Германский фюрер пишет так о журналистах Вены накануне Первой мировой войны. Что бы он написал о наших плюралистах из «Московских новостей», «Собеседника», «Курантов», «Литгаза», «Московского, с позволения сказать, комсомольца» и совсем уже бульварных «Скандалов», «Еще» и «Частной жизни»?
Я хотел ограничиться приведенной выше цитатой, но Адольф Алоисович так современен в собственном негодовании по поводу панельных представителей второй древнейшей профессии, что я не удержался и выписал еще один кусок, тем более, сочинение фюрера есть далеко не у всех соотечественников моих…
«Они постараются проникнуть в самые интимные семейные обстоятельства и не успокоятся до тех пор, пока в собственных гнусных поисках не найдут какой-нибудь мелочи, которую они раздуют в тысячу крат и используют для того, чтобы нанести удар несчастной жертве.
А если, несмотря на все изыскания, не найдут ни в общественной, ни в частной жизни противника ничего такого, что можно было бы использовать, тогда эти негодяи прибегнут к простой выдумке.
И они при этом твердо убеждены, что, если даже последуют тысячи опровержений, все равно кое-что останется. От простого повторения что-нибудь да прилипнет к жертве.
При этом такие мерзавцы никогда не действуют так, чтобы их мотивы было легко понять и разоблачить.
Боже упаси!
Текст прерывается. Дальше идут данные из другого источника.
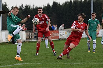 Im Duell der Verfolger behielt der SV Grafengehaig verdient die Oberhand. Durch diesen Sieg bauten die Platzherren ihre beeindruckende Serie aus und bleiben 2015 weiter ohne Niederlage. In einer intensiven Partie gingen die Grün-Weißen früh in Führung. Nach einer butterweichen Flanke von Max Hagen, nickte Krumpholz in gewohnter Manier ein (7.). Kurz danach streifte ein satter Linksschuss von Maximilian Hagen den rechten Pfosten. Peesten enttäuschte in Durchgang Eins und machte aus seiner Feldüberlegenheit wenig bis gar nichts. Die Grafengehaiger waren es, die immer wieder für Nadelstiche sorgten und durch Geier und Max Hagen per Freistoß zwei dicke Möglichkeiten verzeichnen konnten. Auch Krumpholz schrammte mit einem satten Fernschuss am 2:0 vorbei (36.). Etwas undurchsichtig die Situation kurz vor der Pause, als Michael Villa im Strafraum zu Fall kam. Der Schiedsrichter entschied zum Unmut der Gäste auf Strafstoß für Grafengehaig. Krumpholz verwandelte sicher, zudem musste Wolfgang Dippold mit der Ampelkarte vom Platz. Eine strittige Szene, die von beiden Mannschaften kaum zu beurteilen war. Nach dem Wechsel neutralisierten sich beide Teams nahezu. Die erste große Möglichkeit hatten aber wieder die Hausherren. Derjugin profitierte von einem Peestener Luftloch und hob den Ball über Braunersreuther. Der Ball ging am Tor vorbei und Derjugin kam zu Fall, auch hier hätte es Strafstoß für Grafengehaig geben können. Nach knapp einer Stunde der erste Torschuss für den SSV, als Goalgetter Markus Krauß aus halblinker Position zum Abschluss kam. Oelschlegel war Herr seiner Sinne und parierte. Auf der Gegenseite bewahrte Keeper Braunersreuther seine Elf vor einem schnellen K.O., als er zwei Mal in höchster Not klären konnte. 120 Sekunden später konnte auch der Peestner Schlussmann das 3:0 nicht mehr verhindern. Nach einem öffnenden Pass von Domi Hagen, gelang Krumpholz mit einem Traumtor die Vorentscheidung (62.). In den letzten 20 Minuten wusste der SVG das Ergebnis zu verwalten und ließ nichts mehr anbrennen. Bis auf einen kleinen Schönheitsfehler, den Ellner gekonnt vom Elfmeterpunkt nutzen konnte, passierte nicht mehr viel. In der Nachsspielzeit hämmerte der eingewechselte Jan Schmökel die Kugel aus gut 30 Metern noch gegen den Querbalken. Peesten enttäuschte bis auf die ersten 30 Minuten keineswegs und machte auch in Unterzahl eine gute Figur.

Они всегда напустят на себя серьезность и «объективность». Они будут болтать о журналистской «чести», в особенности если получат возможность выступать на заседаниях съездов и конгрессов, т. е. будут иметь возможность воспользоваться теми поводами, вокруг которых эти насекомые — эти мандавошки: уточнил Станислав Гагарин — собираются в особенно большом числе.
Именно эти негодяи более чем на две трети формируют так называемое «общественное мнение». Из этой именно грязной пены потом выходит парламентская Афродита».
Так писал Адольф Гитлер в 1925 году. Я прочитал его оценку свободной прессы Геннадию и Людмиле, и родичи мои сокрушенно качали головами, приговаривая: «Один к одному про нас написано…»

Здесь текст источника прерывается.